Seymour-Conway was returned for two Parliamentary seats in 1771: Lisburn, in the Parliament of Ireland, and the family borough of Orford in the British House of Commons. In 1773, he became a major in the 3rd Irish Horse.

By his first marriage, on 15 June 1773 to Anne Delmé, daughter of MP Peter Delmé, Seymour-Conway had five children:
Elizabeth Seymour (1775 – 23 February 1848), married first William Griffith Davies (1762–1814), on 10 December 1805, married second Herbert Evans (d. 1843) on 2 May 1817
Henry Seymour (c.1776 – 13 February 1843), married Hon. Emily Byng (d. 1824), daughter of George Byng, 4th Viscount Torrington, on 1 July 1800
Frances Isabella Seymour (d. 3 June 1838), married George FitzRoy, 2nd Baron Southampton
Anna Maria Seymour (22 September 1781 – ?)
Gertrude Hussey Carpenter Seymour (28 July 1784 – 3 January 1825), married John Hensleigh Allen on 12 November 1812

Seymour-Conway transferred into the 1st Foot Guards as a Captain-Lieutenant on 7 November 1775, and became captain of a company in the regiment on 30 January 1776. 

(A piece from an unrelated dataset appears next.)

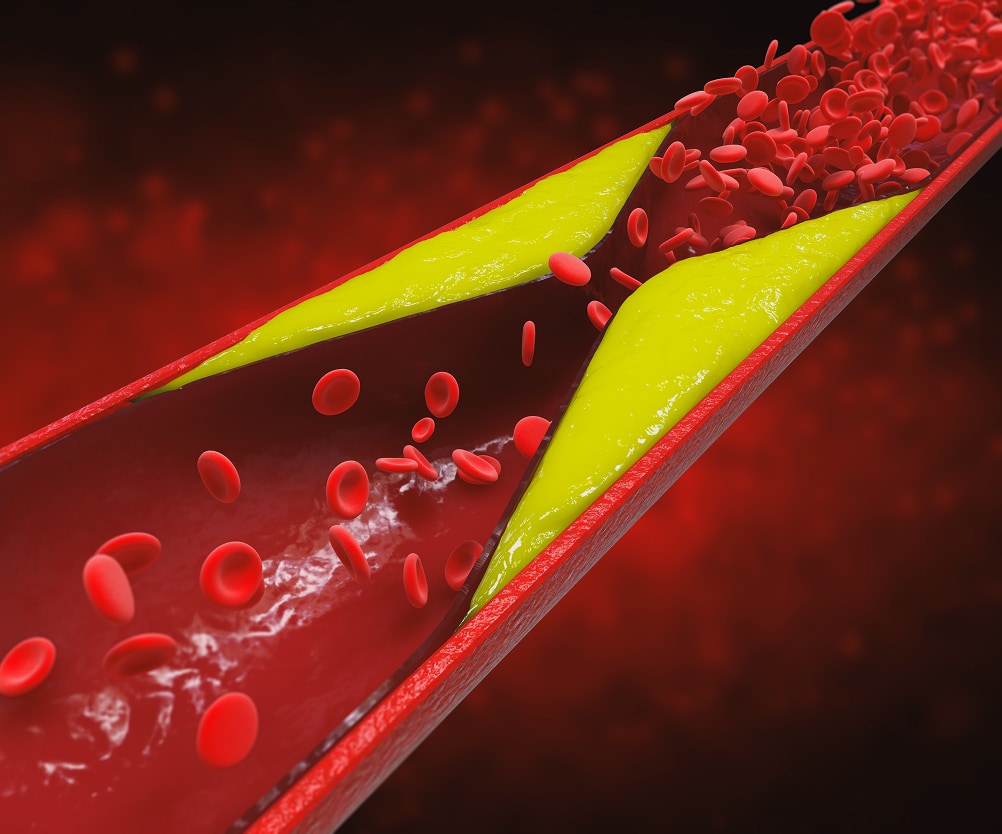 - 狭いところで血液の流れが乱れ、「血栓(けっせん)」という血のかたまりができやすくなる

He gave up his seat at Lisburn that year, but continued to sit for Orford. He served as an aide-de-camp to Sir Henry Clinton in America from 1780 to 1781, but resigned his commission in 1782.

In Parliament, Seymour-Conway followed the rest of his family in supporting the North Ministry and the Fox-North Coalition, and opposing the ministry of Shelburne. In 1784, he turned over the Orford seat to his younger brother, George, having purchased a seat at Wootton Bassett from Henry St John, who managed it. In 1787, he bought the estate of Taliaris in Llandeilo, Carmarthenshire, which would become his principal seat. He left his Commons seat in 1790, the year that he and his brother Henry were granted, for life, the sinecures of joint prothonotary, clerk of the crown, filazer, and keeper of the declarations of the King's Bench in Ireland. By 1816, these offices brought an income of more than £10,000 a year.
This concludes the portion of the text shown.